Trust is a popular and much discussed concept, used often in conversations about leadership, human interactions and relationships. It seems to have numerous definitions and meanings.
Trust is the belief that someone or something is reliable, good and honest. It is the assured reliance on the character, ability, strength, or truth of someone or something. To trust someone or something is to place confidence in that person or thing.
Bottom line, trust is the cornerstone of personal and professional relationships. It is that which great leaders are made of and great partnerships bloom from.
Without trust we cannot accomplish that which we strive for as a team or as individuals.
Often people ask me, why does my manager not trust me? Employees who feel micromanaged, second guessed and lack empowerment feel frustrated and unfulfilled. Most of the time, they are fully aware that it is a trust issue between them and their manager. Although we may know the why, we still get stuck in how to move past it and don’t know how to prove we are trustworthy.
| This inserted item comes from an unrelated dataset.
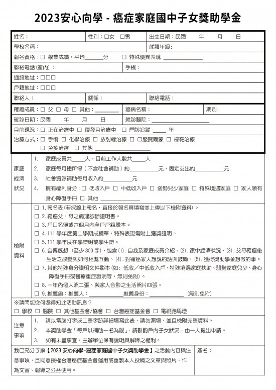 父或母罹患癌症且目前治療中或完成治療2年內。

My usual response is, what have you done to earn their trust? How have you proven to them that you can be trusted? I realize most people don’t contemplate the process behind the building of trust. Most people view trust as something that builds up naturally and overtime. They don’t realize that like many things trust is something that has to be worked at and invested in.
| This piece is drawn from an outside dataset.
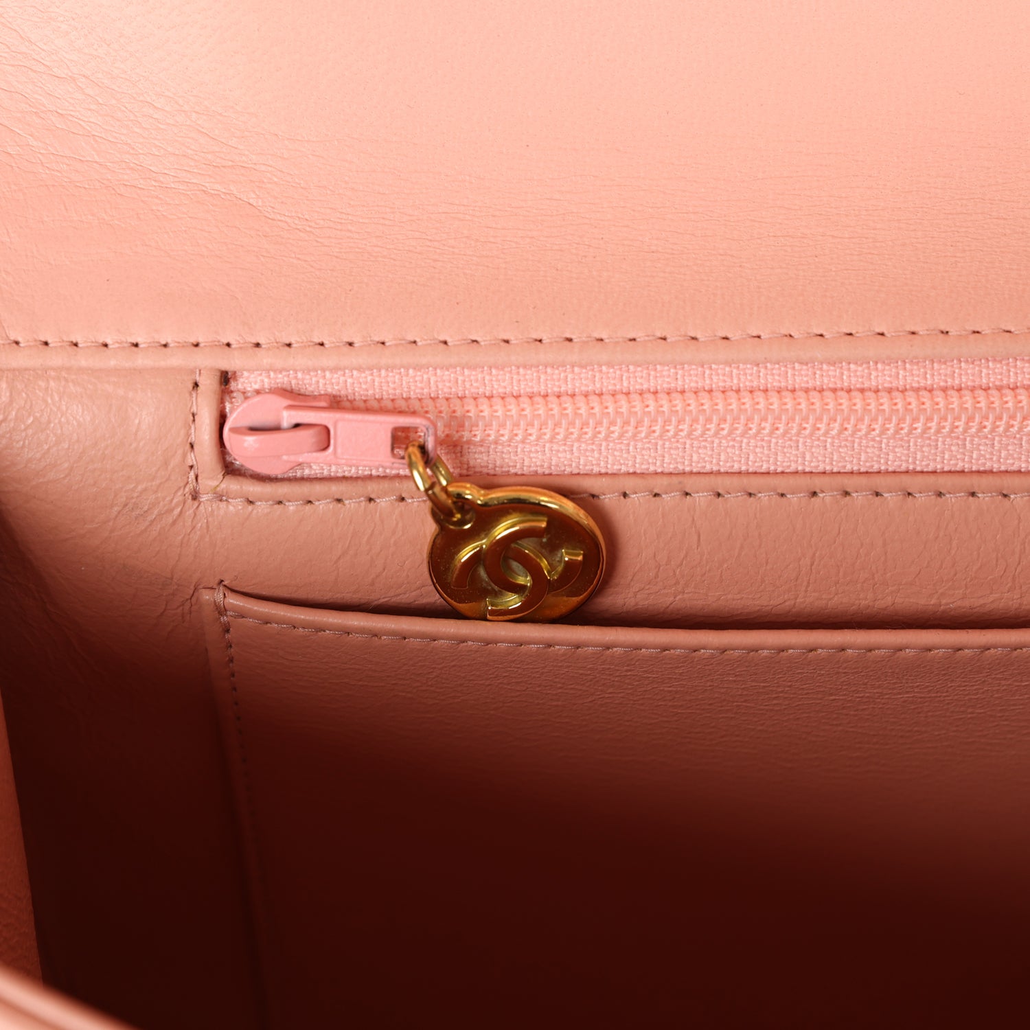 Vintage Chanel Kelly Parent and Child Flap Bag Set Pink Lambskin Gold Hardware

Yet it’s a complicated process; to be trusted you must earn it. To earn trust though, someone else must take a chance in order for you to show them that you can be trusted.
So what makes a person trust another? We know that trust comes down to the following core pillars; the perception of intention, integrity, competence/ability and visible results.
There are certain behaviors that can help earn trust, and prove that we deserve to be empowered. Obviously building trust will vary based on each individual person and their personal values and background. Still these behaviors are a good place to start….
- Stick to your commitments: Do what you say you will do. Actions speak louder than words so there will come a point when you must stop talking and start doing.
- Show accountability: Admit when you are wrong or when you made a mistake, and show humility when you are right.
- Communicate: Be impeccable with the words you use and how you use them, make eye contact, be positive, open and transparent in the sharing of information.
- Be authentic and accommodating: Use words of respect and gratitude. Be kind and polite and be willing to go out of your way, don’t hesitate to go above and beyond. Ask how they are doing and listen, genuinely pay attention to the other person when they are talking to you, and just as important- know when to stop talking.
- Demonstrate your abilities: Share ideas, content and opinions, ask for their advice, show that you remember or have retained that which was said to you by the other party. Illustrate your knowledge and show you are open-minded to others viewpoints and take seriously the others expertise.
- Lastly, be consistent with all these, and be patient. Take it slow, trust grows at a difference pace in each relationship.
Trust takes time to earn and small actions over time, not just words, will speak volumes. In time, you will be able to demonstrate that you can take ownership and be empowered to drive forward goals, initiatives and deliverables. Feeling empowered is a big part of feeling fulfilled at work. We all want to make an impact, be a part of making a difference. It builds our confidence and skills, it strengthens our relationships…when trust is placed in us. So don’t underestimate its importance, put the time into building, growing and protecting this precious thing called trust and watch your relationships bloom over time!